Betrübliche Ausgangslage

Unstrittig ist, dass ein hoher Nachholbedarf verbunden mit einem künftig stark steigenden Bedarf an Wohnraum besteht. So konnte die Entwicklung des Wohnungsangebots der letzten Jahre weder kurz-, mittel- noch langfristig eine Deckung der durch Zuzug und Zuwanderung stark wachsenden regionalen Nachfrage gerecht werden. Statistiken aus diversen Studien- und Medienberichten belegen die Mangelsituation unterschiedlich. Insgesamt fällt aber der Negativtrend eindeutig und übereinstimmend aus und rechtfertigt die Dringlichkeit und den Ruf nach zu ergreifenden Fördermaßnahmen.

Der Wohnungsmarkt ist seit Längerem gekennzeichnet durch eine starke Unterdeckung von Wohnraum. Experten schätzen, dass derzeit ein jährlicher Bedarf von zirka 350 000 bis 400 000 Wohnungen besteht. Dem stehen aber lediglich 285 000 fertiggestellte Wohnungen im Jahr 2017 gegenüber. Zwar werden ausreichend Wohnungen durch die Kommunen genehmigt und die Zahl stieg seit 2009 stetig. Dieser Aufwärtstrend hat sich allerdings im vergangenen Jahr mit einem Rückgang um 7,3 Prozent auf 348 000 Einheiten wieder umgekehrt. Von großer Bedeutung ist, dass aktuell die Zahlen der Baugenehmigungen knapp unterhalb des jährlichen Minimalbedarfes liegen, aber nicht annähernd realisiert werden. Hierdurch verschärft sich durch einen aktuell kumulierten Genehmigungsüberhang von schätzungsweise rund 650 000 Wohnungseinheiten die Wohnraumsituation, dessen Abbau es durch geeignete Anreize zu beseitigen gilt.

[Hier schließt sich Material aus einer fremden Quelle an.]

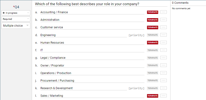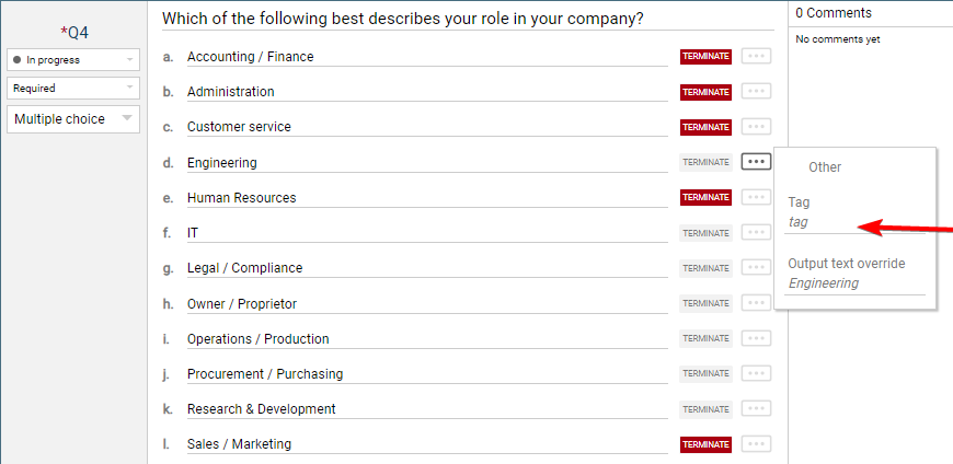 您可以使用标签(tag)将同类选项组织在一起,也可以通过标签,向您的问卷团队提供有关选项的附加信息。

Die Ursachen für das Nachlassen der Nachfrage nach Wohnungseigentum überrascht, da entsprechend einer jüngst repräsentativ erhobenen Umfrage erstmals Investitionen in Immobilien zwar die beliebteste Anlageform der Bundesbürger sind. Mit 31 Prozent der Nennungen bevorzugen demzufolge die Bundesbürger Investitionen in ein Haus, eine Wohnung oder in diverse Formen von Immobilien-Wertpapieren mit knappem Vorsprung vor einem Abschluss von Lebensversicherungsprodukten (30 Prozent). Andererseits belegt eine weitere Umfrage, dass eine Diskrepanz zwischen Anlagezielen und Wohneigentumsquote besteht, mit der Folge, dass die Wohnungspolitik Gegenstand heftig und kontrovers geführter Diskussionen geworden ist. Für die Große Koalition bedeutet dies, dass sie einem Interessenausgleich zwischen den gegensätzlichen Entwicklungspolen "Stärkung Mieterpolitik" und "Förderung Eigentumsbildung und Neubau" unterliegt. Im Wesentlichen werden folgende Hauptursachen für die derzeitigen Defizite in der Wohneigentumsbildung verantwortlich gemacht.

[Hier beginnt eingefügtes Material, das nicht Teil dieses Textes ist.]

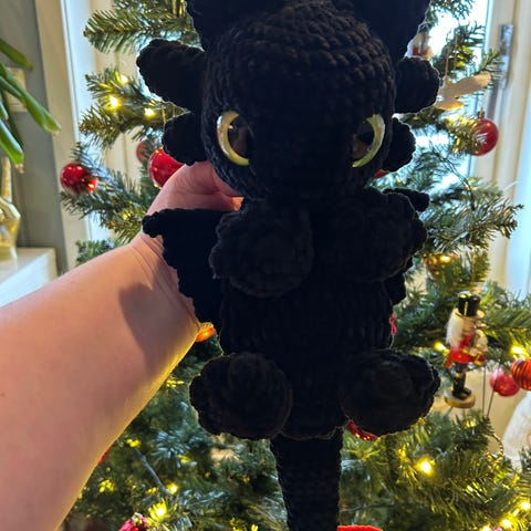 Håndlaget snuggler drage bamse, inspirert av den hvite dragen i Dragetreneren😍🩵

Galoppierende Immobilienpreise

Die Schere aus Angebot und Nachfrage, Immobilienpreis- und Einkommensentwicklung scheint sich trotz nachhaltigem Niedrigzinsniveau immer weiter zu öffnen. Verantwortlich sind rasant steigende Preise, die ursächlich auf ein hohes Wohnungsdefizit von mehr als eine Million Wohnungen zurückzuführen sind. So stiegen die Preise für privat genutztes Wohneigentum allein im vergangenen Jahr bundesweit um 5,5 Prozent.

Dieser Preisauftrieb setzt sich - wenn auch verlangsamt - im laufenden Jahr weiter fort. Verschiedentlich wird deshalb von Preisübertreibungen von bis zu 35 Prozent gesprochen. Die Gefahr einer aufkommenden Immobilienblase ist dennoch als gering einzustufen, da in Deutschland eine grundsolide Finanzierungspraxis durch langfristige Zinsfestschreibungen, hohen Tilgungssätzen bei tolerierbarer Verschuldung von Privathaushalten vorherrscht.

Die Erschwinglichkeit von Wohneigentum wird aufgrund der Knappheit, bedingt durch eine hohe private Nachfrage, aber auch gewerblicher Investoren und von Immobilienfonds, deutlich erschwert. Sie kann durch nachhaltig niedrige Bauzinsen bei Weitem nicht mehr kompensiert werden. Erschwerend erweist sich, dass seit Jahren zu wenig und zu zögerlich Bauland bereitgestellt wird und die Ablaufprozesse zu bürokratisch und zeitraubend sind. Allerdings ist eine regional differenziert bedarfsorientierte Entwicklung zu berücksichtigen. Zudem sind der Bundesregierung die Hände gebunden, da die Baulandpolitik im Hoheitsbereich der Kommunen liegt.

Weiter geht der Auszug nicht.